In August 2010, Kenya adopted a new constitution that created a devolved system of governance that consists of National Government and 47 County (sub-national) Governments. Under the new dispensation, health is a devolved function that is shared across the two levels. The responsibility for health service delivery is assigned to the Counties while policy, quality assurance, capacity building and management of national referral hospitals remain the national’s government responsibility. In 2017, the government of Kenya made a commitment of accelerating its progress to achieving Universal Health Coverage (UHC) by 2022 and has taken a number of steps to reform the healthcare system towards achieving this goal.
Globally, the United Nations 2030 Agenda for Sustainable Development identified 17 Sustainable Development Goals (SDGs), to succeed the Millennium Development Goals (MDGs) and to be achieved by 2030. Attainment of good health and well-being is SDG 3, with target 3.8 spelling out the need to achieve Universal Health Coverage (UHC), including financial risk protection, access to quality essential health services, and medicines and vaccines for all.
The Constitution, under the Bill of Rights puts a responsibility on the State to ensure equitable, affordable and quality health care to all Kenyans. Despite these Constitutional requirements and safeguards for the right to health services, there continues to be persistent inadequacies in the health sector that have faced Kenya since independence largely due to stagnant or declining budgets for health, system inefficiencies, human resource deficiencies, and unaffordable quality health services. Transparency and Accountability especially on resources for the Health sector has also been wanting. It is in view of these shortcomings that the need to assess the effectiveness of health financing models in Kenya was necessary.
There are six major sources of financing health care in Kenya:
- Tax-based financing: Financing of healthcare using tax revenues through the ministry of health.
- Social health insurance (NHIF): Pay roll-based contributions by the formally employed and voluntary contributions by those in the informal sector. The government also provides funds to NHIF to provide coverage for different population groups.
- Private health insurance: Voluntary contributions as well as employer-based groups
- Community-based health insurance
- Donor funding
- Out-of-pocket payments: payments made at the point of care.
Key findings on Health Financing Models in Kenya:
- Allocation to health by the government has been declining with an average of 4.5% in the last 3 years, way below the proposed 15% in the Abuja Declaration.
- Despite legal requirements for the different health sector players to enhance mechanisms to ensure ease of access to information by the public, most institutions and counties do not have core information such as funds allocations, disbursements and expenditures accessible to the public. There is very little information on NHIF reimbursements for claims available to the public. This applies to institutions such as KEMSA that are tasked with providing core services to the health sector.

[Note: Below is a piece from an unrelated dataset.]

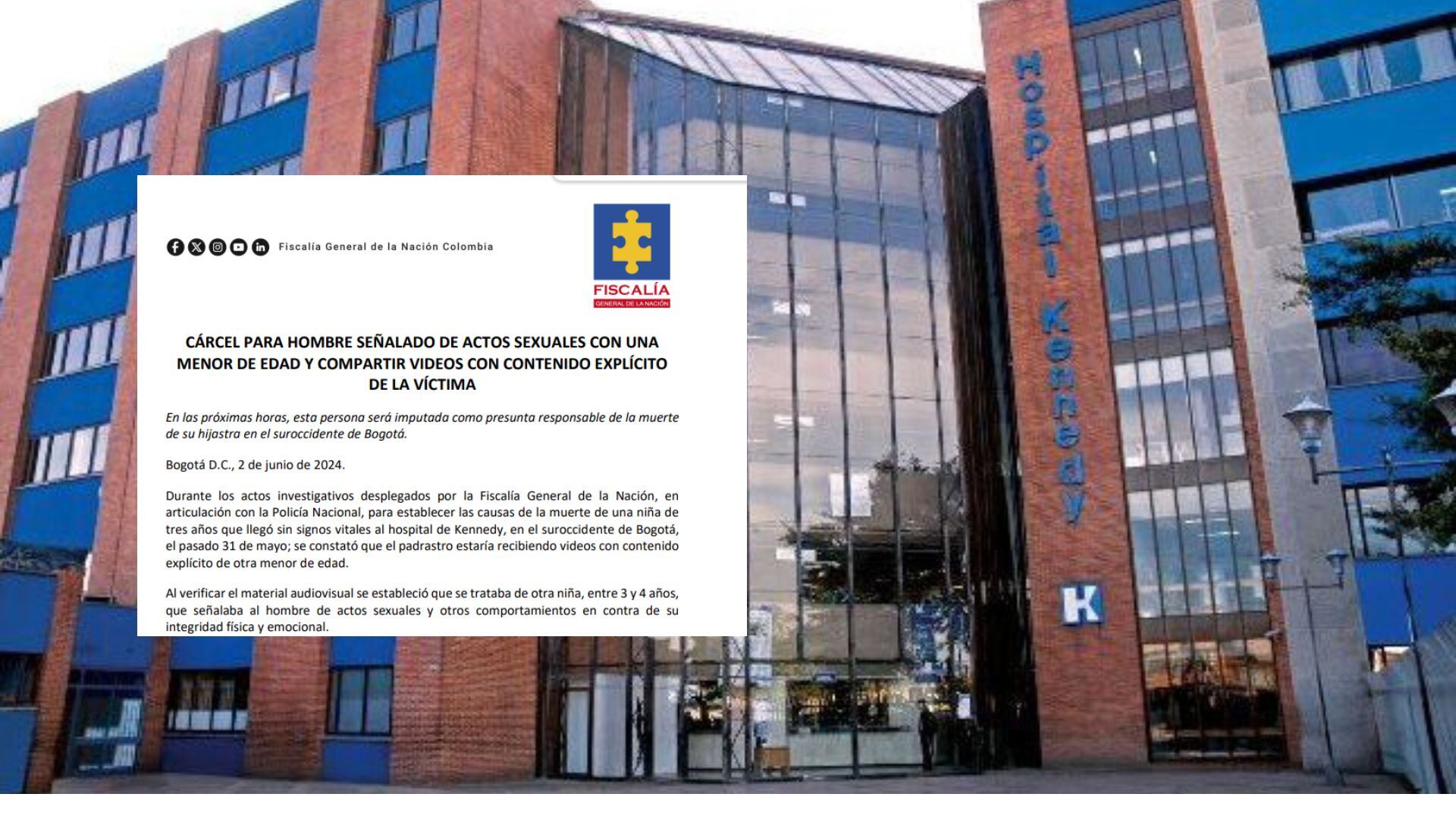 “Durante los actos investigativos desplegados por la Fiscalía General de la Nación, en articulación con la Policía Nacional, para establecer las causas de la muerte de una niña de tres años que llegó sin signos vitales al hospital de Kennedy, en el suroccidente de Bogotá, el pasado 31 de mayo se constató que el padrastro estaría recibiendo videos con contenido explícito de otra menor de edad”, indicó el ente investigador en su boletín de prensa.

- A number of health policy interventions in Kenya are largely driven by policymakers with very little public participation. One such example is the Medical Equipment Scheme (MES) which was designed and executed by the National Government with very little participation by the counties and the public in general. This has resulted in very low utilisation of the leased equipments largely due to lack of required infrastructure and human resource.
- Both NHIF and private health insurance companies have registered higher reimbursements to Private facilities and very low reimbursements to public facilities. This has served to increase inequity in access to healthcare in Kenya largely due to low financial flows to public facilities which are their primary source of care for majority of the Kenyan poor. Moreover, the services in Private facilities are more expensive compared to pubic facilities. This to a large extent raises sustainability concerns especially as the government moves to ensure coverage for all.
Based on the findings of this review, there is no perfect model of financing healthcare in Kenya so far. Most countries use a mix of two or more financing models to fund healthcare. To develop a sustainable health financing model for Kenya, there is need to work on an essential benefit package of health services while putting in place strategies to cushion the poor through subsidy programs. There is also need to ensure that public funds are primarily invested in public goods. This can be achieved through establishment of an enabling environment, enhanced public participation and access to information to enhance oversight mechanisms and value for money. It is important for the government to invest more in preventive and promotive healthcare interventions as they derive more value for money. Financing healthcare should always be viewed as an investment towards a healthy and productive population who provide the human capital towards economic growth of a nation.